(Beginning of Information)

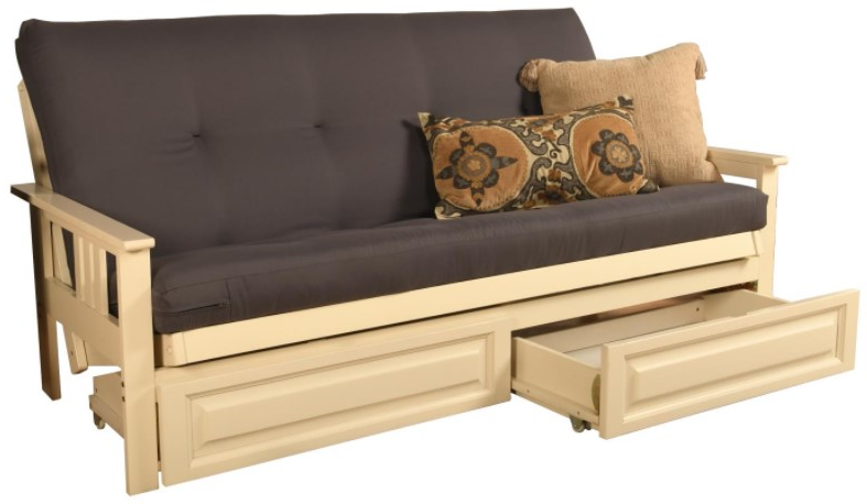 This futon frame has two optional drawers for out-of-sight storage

(End of Information)
(Beginning of Information)

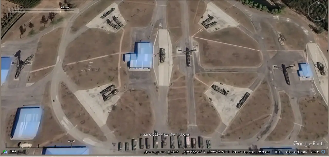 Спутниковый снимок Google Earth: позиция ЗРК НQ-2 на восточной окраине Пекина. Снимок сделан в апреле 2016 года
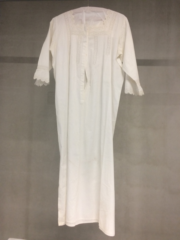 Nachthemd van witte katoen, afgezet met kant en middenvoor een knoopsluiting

(End of Information)

(Task directions)
Starting from the line with "Спутниковый снимок Google" in the records above, repeat each line exactly until you have written the line with "Nachthemd van witte", then stop; drop the pictures.

(Result of this task)
 Спутниковый снимок Google Earth: позиция ЗРК НQ-2 на восточной окраине Пекина. Снимок сделан в апреле 2016 года
 Nachthemd van witte katoen, afgezet met kant en middenvoor een knoopsluiting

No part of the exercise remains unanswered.